The core advance is moving the rigorous size guarantee for top-down greedy decision trees from uniform distributions to any product distribution. The new bound says that if the target is exactly represented by an optimal tree with average depth Δ_opt and max depth D_opt, then greedy produces an ε-approximator whose size is at most exp(Δ_opt D_opt log(e/ε)). In the full-binary-tree case this improves the earlier uniform bound, and the paper also gives a version of the algorithm that needs no prior knowledge of s, D_opt, or Δ_opt. That parameter-free piece is the most immediately usable addition. The product-distribution setting is a modest but real step toward distributions that appear in applications, since independence is weaker than uniformity. The abstract states the assumptions cleanly: the target must be exactly representable by some optimal tree, and features must be independent under the measure. No hidden circularity is visible in the stated claim. The main limitation is that the bound is still expressed in terms of the unknown optimal depths, so it remains an existence result rather than a fully a-priori guarantee; the parameter-free algorithm mitigates this for implementation but not for the analysis. Without the full proof it is impossible to check how the product-measure terms are handled or whether any approximation steps accumulate error in a way that weakens the final exponent. Still, the extension is stated directly and the prior work is cited without self-referential fitting. This is the kind of incremental but technically grounded paper that learning-theory groups should see. It is worth sending to referees who work on analysis of heuristics; they can verify the derivation and decide whether the improvement over Blanc et al. is worth the added generality.

Referee Report

0 major / 2 minor

Summary. The manuscript extends the analysis of the top-down greedy heuristic for decision tree learning from uniform distributions (Blanc et al., ITCS 2020) to arbitrary product distributions. For any function exactly representable by an optimal decision tree of size s with maximum depth D_opt and average depth Δ_opt, the greedy method produces an ε-approximating tree whose size is at most exp(Δ_opt D_opt log(e/ε)). A parameter-free variant of the algorithm is presented that requires no prior knowledge of s, D_opt, or Δ_opt.

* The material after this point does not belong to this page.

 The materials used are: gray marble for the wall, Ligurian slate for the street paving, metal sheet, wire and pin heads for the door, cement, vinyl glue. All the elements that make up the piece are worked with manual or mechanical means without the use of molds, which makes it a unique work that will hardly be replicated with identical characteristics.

Significance. If the central bound holds, the work supplies the first rigorous size guarantees for greedy decision tree construction under product distributions, a setting more relevant to practice than the uniform case. The explicit dependence on optimal-tree parameters and the parameter-free algorithm are concrete strengths that could support both theoretical extensions and algorithmic implementations.

minor comments (2)

[Abstract] Abstract: the size bound is stated without explicit dependence on s; clarify whether the constructed-tree size is independent of the optimal tree size or if s enters the analysis only through the existence assumption.
[Abstract] Abstract: the claimed improvement over Blanc et al. in the full-binary-tree case is stated qualitatively; a direct comparison of the two bounds (including the distribution class) would strengthen the presentation.

Simulated Author's Rebuttal

0 responses · 0 unresolved

We thank the referee for the positive assessment of our work and the recommendation for minor revision. The manuscript provides the first rigorous size guarantees for the top-down greedy heuristic under arbitrary product distributions, extending the uniform-distribution analysis of Blanc et al. (ITCS 2020). The central bound depends explicitly on the optimal tree parameters D_opt and Δ_opt, and we also present a fully parameter-free algorithm. Since the report contains no specific major comments, we have no individual points to address.

Circularity Check

1 steps flagged

Minor self-citation to prior work; central bound derived independently for product distributions

specific steps

self citation load bearing [Abstract]
"A recent breakthrough by Blanc et al. (ITCS, 2020) provided the first rigorous theoretical guarantees for the greedy approach, but only under the uniform distribution. We extend this analysis to the more general and practically relevant setting of arbitrary product distributions."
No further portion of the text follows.